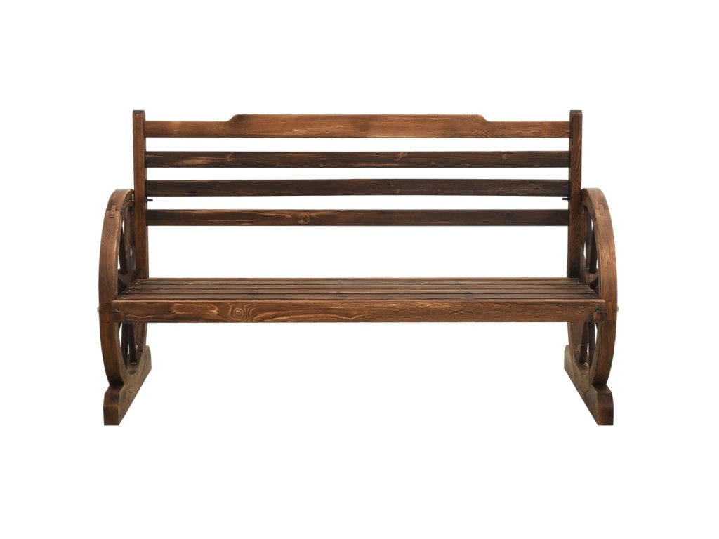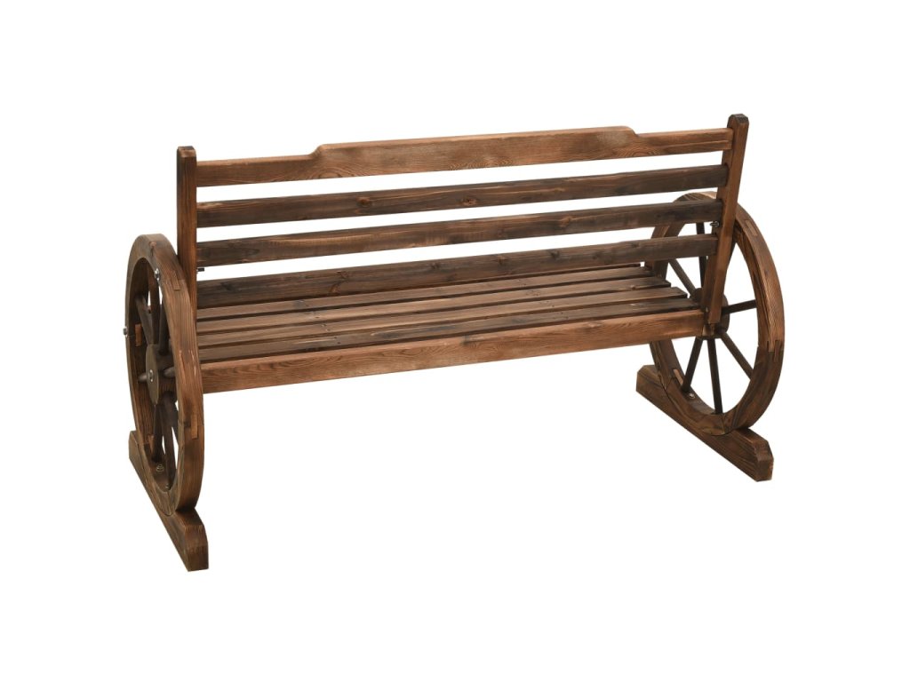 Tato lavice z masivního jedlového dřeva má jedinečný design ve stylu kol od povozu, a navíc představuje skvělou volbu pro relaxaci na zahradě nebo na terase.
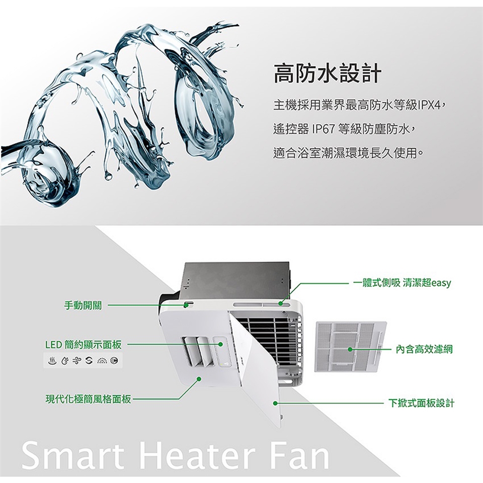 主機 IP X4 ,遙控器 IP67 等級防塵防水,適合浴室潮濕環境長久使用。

◇ ◇ ◇ ◇

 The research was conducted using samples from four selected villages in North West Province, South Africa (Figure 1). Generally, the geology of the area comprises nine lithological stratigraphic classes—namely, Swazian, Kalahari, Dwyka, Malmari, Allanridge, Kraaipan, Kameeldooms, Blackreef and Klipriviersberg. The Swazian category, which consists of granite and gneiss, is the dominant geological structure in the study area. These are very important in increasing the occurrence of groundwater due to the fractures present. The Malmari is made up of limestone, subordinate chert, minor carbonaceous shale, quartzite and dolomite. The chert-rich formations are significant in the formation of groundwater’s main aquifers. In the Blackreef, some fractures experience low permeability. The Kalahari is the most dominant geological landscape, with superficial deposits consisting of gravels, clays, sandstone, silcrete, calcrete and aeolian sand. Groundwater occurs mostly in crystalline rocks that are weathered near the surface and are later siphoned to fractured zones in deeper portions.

◇ ◇ ◇ ◇

• TASK GOAL: Leaving out each picture, repeat exactly the lines above from the one that contains "Tato lavice z" through the one that contains "主機 IP X4 ,遙控器 IP67 等級防塵防水,適合浴室潮濕環境長久使用。".

• EXERCISE RESULT:
 Tato lavice z masivního jedlového dřeva má jedinečný design ve stylu kol od povozu, a navíc představuje skvělou volbu pro relaxaci na zahradě nebo na terase.
 主機 IP X4 ,遙控器 IP67 等級防塵防水,適合浴室潮濕環境長久使用。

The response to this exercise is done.